As with any film concerning the acting industry, “Clouds of Sils Marias” invites comparisons to the grand dame of showbiz satires “All About Eve”, even if they are far from the same film. That was a backstage drama dipped in battery acid, a schemer conniving to crush a starlet, the perpetual cycle of the performer. The fall from grace here, however, is inevitable rather than accelerated, a piercing and gloriously puzzling portrait of an actress’s careers suddenly becoming enveloped in the fog of age, emblemized quite insistently, but no less breathlessly, by the clouds of the title, the so-called Majola Snake, a kind of smoke ring that pours through the canyons of the Swiss Alps where they are hiding out.


Considering that Maria has re-ascended the stage in the wake of dressing up for a superhero movie, her character bears hallmarks of Michael Keaton’s Riggan Thompson, the focal point of last year’s Academy Award winning “Birdman.” Yet that was a film heightened to the point of grandiosity. Riggan’s daughter, Sam (Emma Stone), called him on the carpet, yes, to try provide counterweight to the opening shot of his levitation and all that sleight-of-hand (or not) entailed. Yet the film’s final shot seemed to suggest she believed he could fly, giving over to the illusion of the movie star, a deliberate sacrificing of the film’s final thread of tangibility. Val, however, is and remains the emotional and professional ballast of Maria, counseling and coddling her employer to remain in the play when she wants out. Val sees value in attacking the same work from a different vantage point, to opening one’s self up to another reading, to using art as a kind of working through, and when something happens to Val toward the second act's end, it intentionally feels as if that working-through has become unmoored.

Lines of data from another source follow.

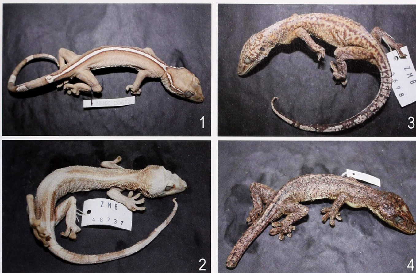
Figs 1–4. 1. Gekko vittatus phenotype 1, ZFMK 20612, male, Pulau Ambon, Indonesia; 2. Gekko vittatus s.l. phenotype 2 (sp.n.), ZMB 5698, female, Republic of Palau; 3. Gekko vittatus s.l. phenotype 3, ZMB 48737, male, Kei Islands, Indonesia; 4. Gekko vittatus s.l. phenotype 4, SMF 9159, male, Nissan Atoll, Green Islands, Papua New Guinea.

data obtained from 21 specimens [28 characters; including specimens from all four phenotypes identified in the present study as well as one of the syntypes of G. bivittatus (MNHN 6714) and the holotype of G. trachylaemus (ZMB 7511)] revealed that the two respective type specimens fall far outside of the remaining clusters. Hence, and supported by the finding that more differences in colouration are present between those two nominal taxa and the four phenotypes of G. vittatus s.l. (see next paragraph), we consider the evaluation of the taxonomic status of G. bivittatus and G. trachylaemus as not within the scope of the present study, because we shall deal with these nominal taxa in detail in a forthcoming paper.
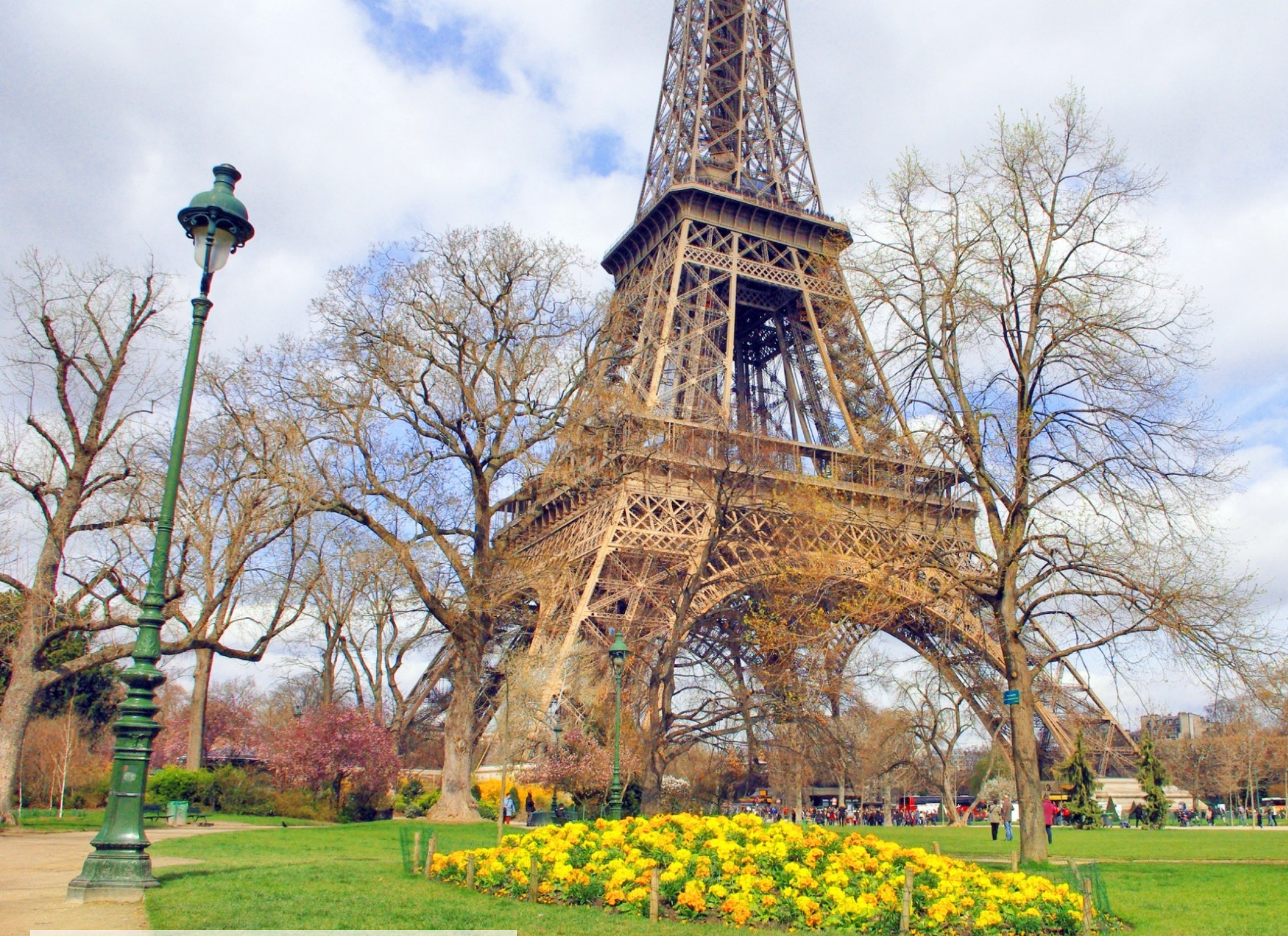
The Champ de Mars in March! (this time with yellow flowers!)
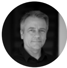
Designed by Jacob Amtorp

With a touch of futuristic elegance the BUCKLE chair offers a playful design. Its formpressed wooden 'wave' in the back supports a molded foam backrest which brings a light and airy feel. The solid wood legs complete the look of a beautifully crafted design that truly stands out.
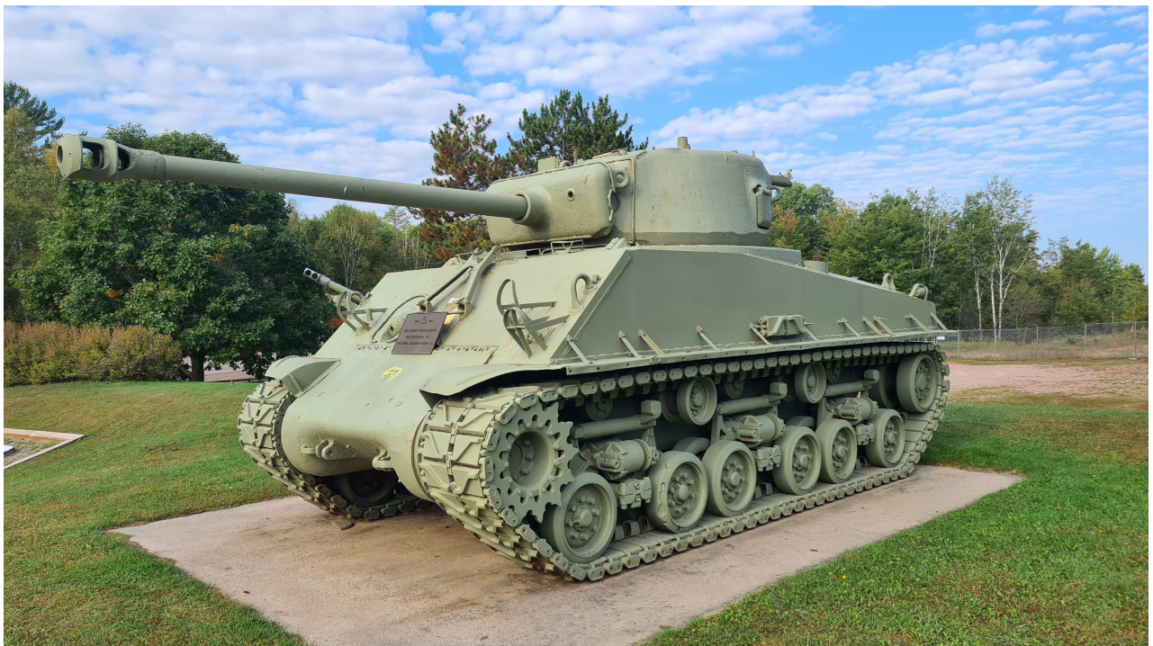
Pierre-Olivier Buan, September 2024
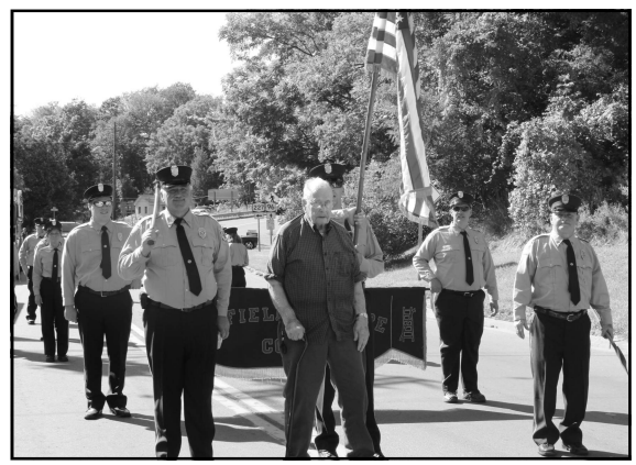
Leading Trumansburg parade in 2013
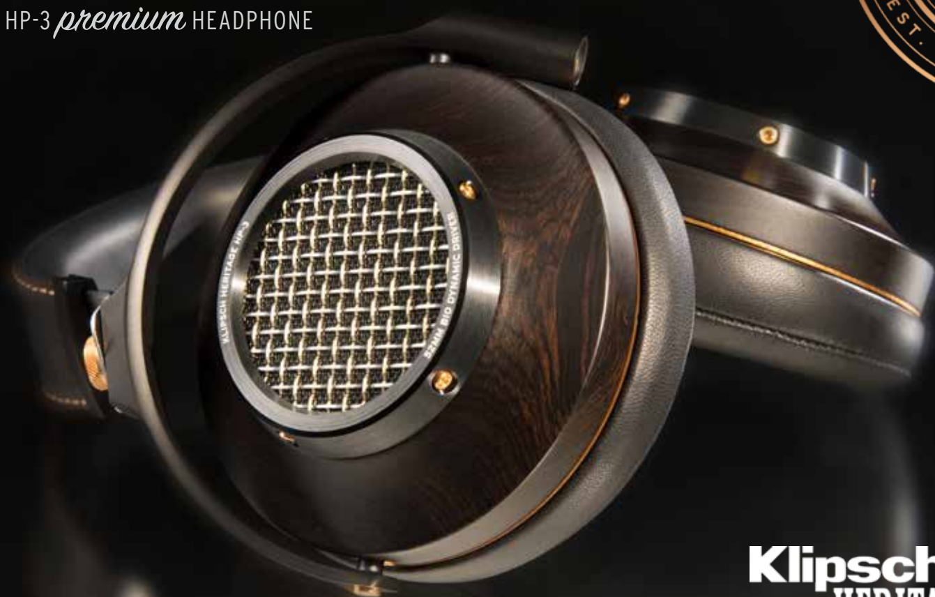
HP-3 premium HEADPHONE

The push & pull between these two women winds up as the film’s prominent feature, the question of who’s wisest being blurred. When Val proclaims that a performance in a dunderheaded Hollywood blockbuster can carry just as much spiritual weight as a hoity-toity art film, it’s incredible to witness not only for the way in which this hoity-toity art film is going to bat for dunderheaded Hollywood blockbusters, but for the zealous optimism with which Val professes it. In the end, it’s not simply the years that have been automatically stripped from Maria, it’s the ideals, and the idea that we accumulate wisdom with age disappears like the landscape to the Majola Snake.

1 comment:

Derek Armstrong said...

Well, this piece of writing is clearly the best thing about this movie. You've almost convinced me this movie knows what it's doing. Instead, I am left remembering all the scenes that don't mean anything (Val's ill-fated trip to meet that guy? A pointless scene drinking in a casino bar?) and how flat the narrative progression of this movie is. Don't throw anything at me - I know I am in the minority.